At interview a person's private life should not be mentioned, you are seeing who is the best candidate for the job. So long as their personal life doesn't impact unnecessarily on the job, it has nothing to do with the employer.

I can't imagine that they would ask about what sports you do, but I know plenty of people who have ended up unfit for work due to sport events at weekend, anything from hung over/tired after a tournament to a dislocated elbow needing 6 weeks off work and unable to go on a critical work trip to see a client.

MidniteScribbler Mon 20-May-13 06:13:56

angel, there is a big difference between an unforeseeable injury or accident, or even taking care of your children/family/cat when they're sick and the parent who lies to get a job, then on the first day turns around and says 'oh, I need to leave at 3pm everyday to get my kids from school' despite being told at interview that the job required someone there until 5pm.

Tee2072 Mon 20-May-13 06:43:30

Thank you flowery I was wondering if the question is actually illegal or if deciding on a candidate based on the answer was.

In the US, no question is illegal. But some are certainly stupid.

Lovelygoldboots Mon 20-May-13 06:47:24

Midnitescribbler, why would any parent accept a job offer and leave two hours early when they knew the terms and conditions? As long as a candidate is aware of what is expected of them and the employer has clearly stated the terms and conditions of employment then that is enough. Most jobs have pretty regular hours and most parents manage to sort out childcare.

I was asked a similar question at an internal interview. Being young and naive I didn't think to question it (I didnt have children at the time) although looking back it was obvious why they asked (the person asking was an old childless woman known for a shitty reputation to working mothers).

CombineBananaFister Mon 20-May-13 09:16:17

Most job vacancies I've seen are usually very specific about what the role entails and the hours you need to fulfill, so questioning someone on this is almost like saying you don't believe they can do it?

Fair enough asking about skills and other stuff but to ask about the basics which are clearly outlined (especially when it relates to childcare/children) feels off.

Having read the stuff on here am really pleased with the attitude of my employer towards recruitment who value a balanced workplace and acknowledge the strengths/loyalty working mums bring to the team - some career focused, some just wanting a part-time consistent wage.

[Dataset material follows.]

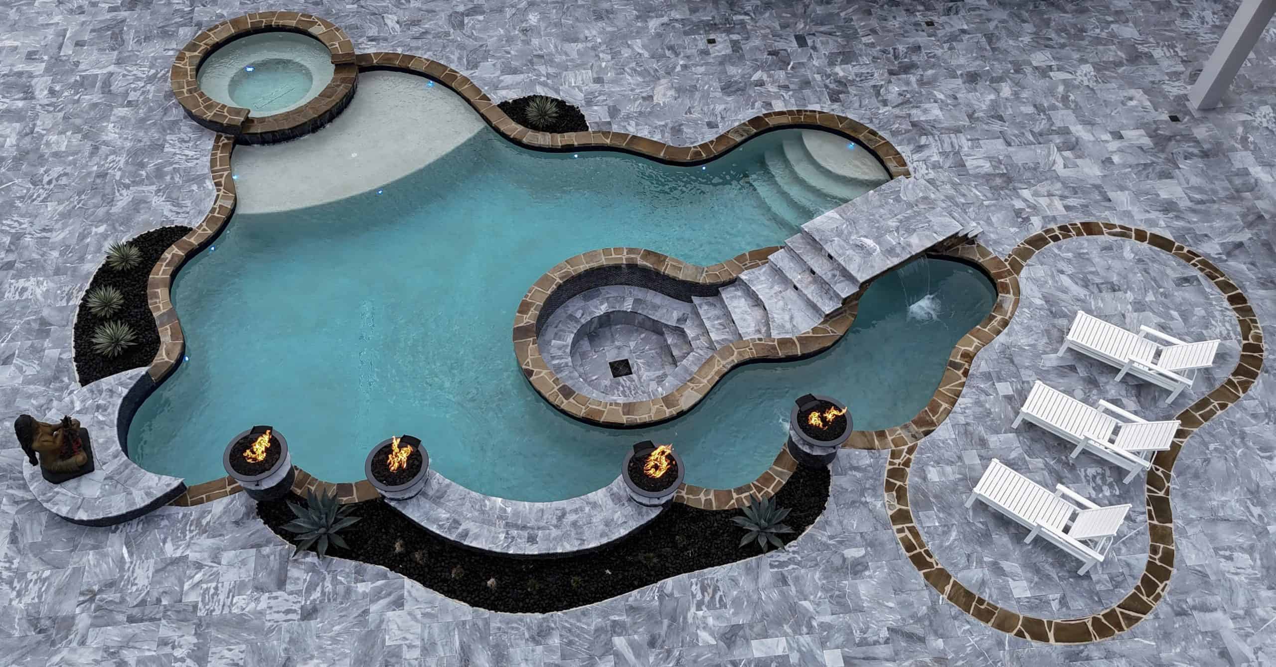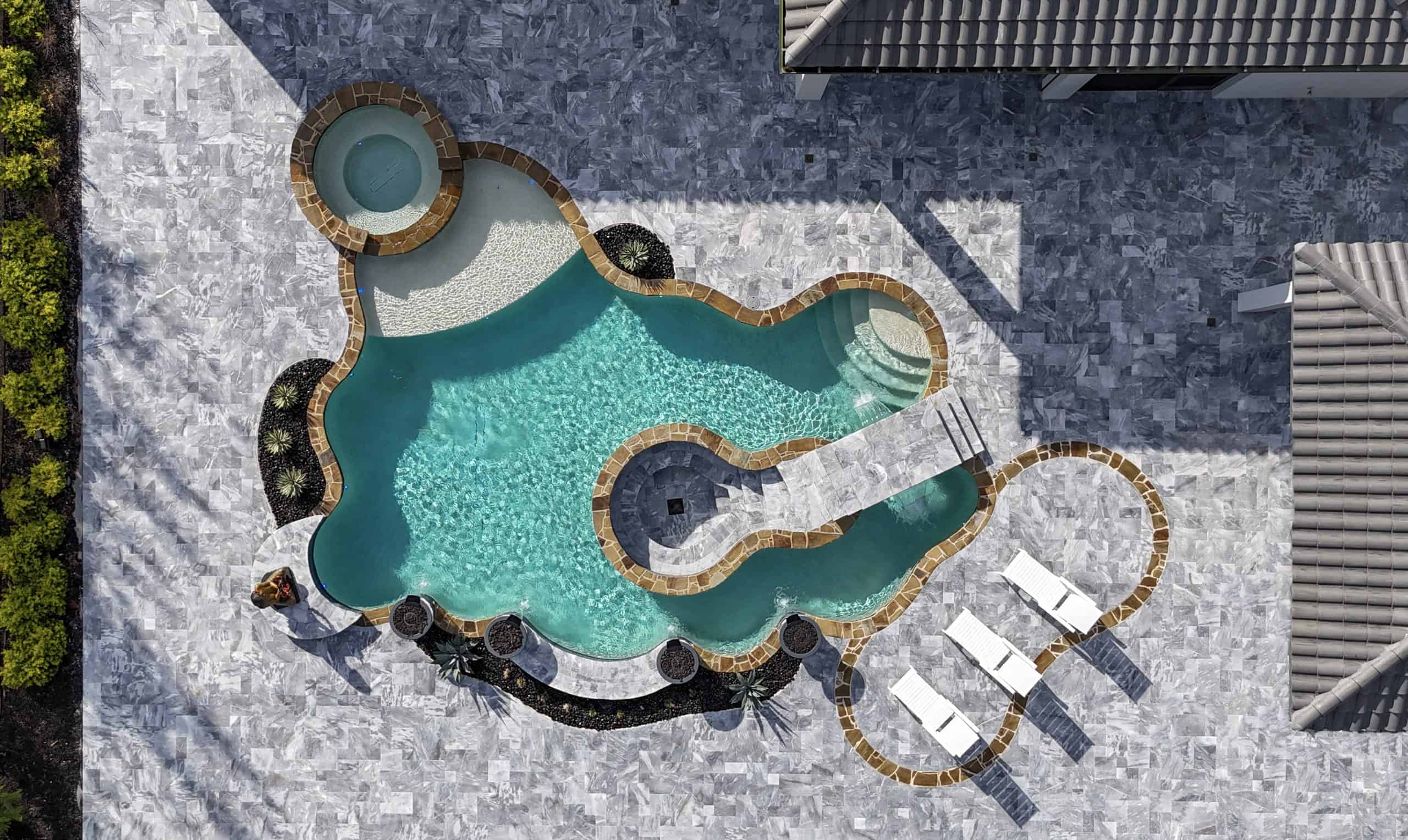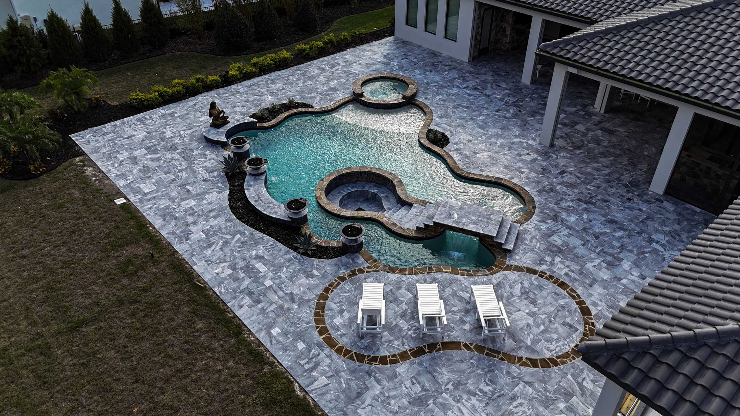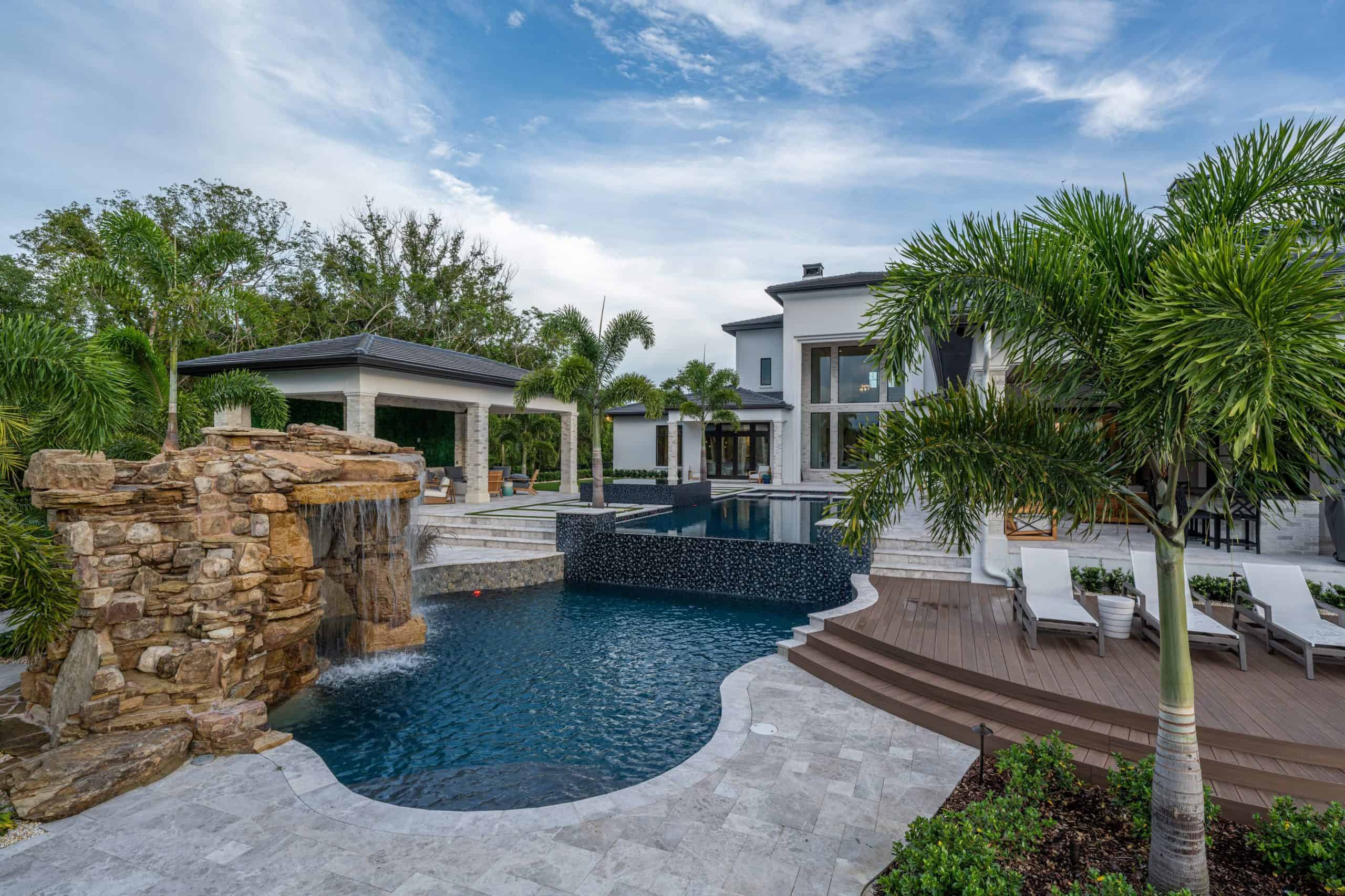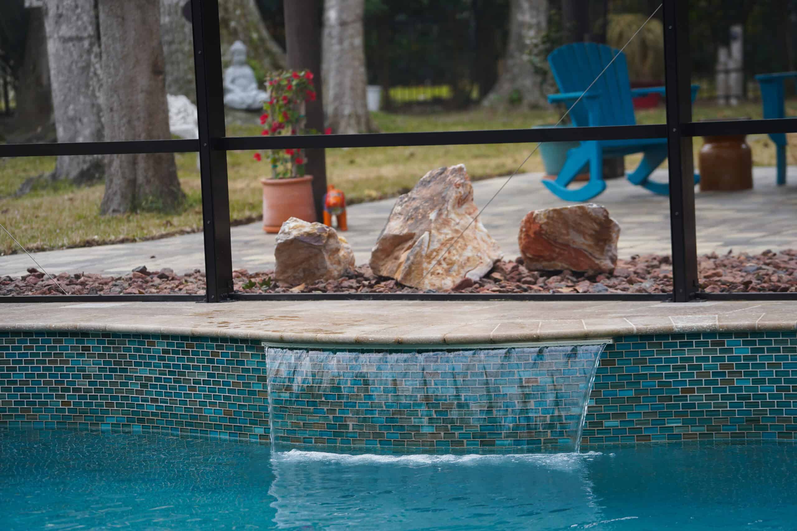 Custom-built luxury pool in Florida featuring a natural rock waterfall, elevated spa, and infinity-edge design.

The interview is problem-solving and role-play based so only takes into account your ability to deal with that not anything else -makes it a really fair playing field.

They even look at their vacancies to see if they can be broken down to fit different lifestyles - weekend onlys, during school hours or evening onlys. That way everyone wins smile

MrsMelons Mon 20-May-13 09:24:35

One of the questions we have asked to ALL candidates was around how they would manage outside influences etc, never specifically about young children as we wouldn't necessarily know that much information about a person. If it was an internal candidate we would treat them the same as the external ones. This question is more around seeing if the candidate is will to attend training courses, do different hours etc which is perfectly reasonable depending on the job, ie teachers would be expected to do parents evening etc.

IMO how a person will manage their childcare is no one elses business. If I was applying for a full time job with demanding hours I would not expect allowances unless it was supposed to be flexible and it had been discussed in this way. I would ensure I could do the job and all in entailed and would be a bit offended if I was specifically asked about my children.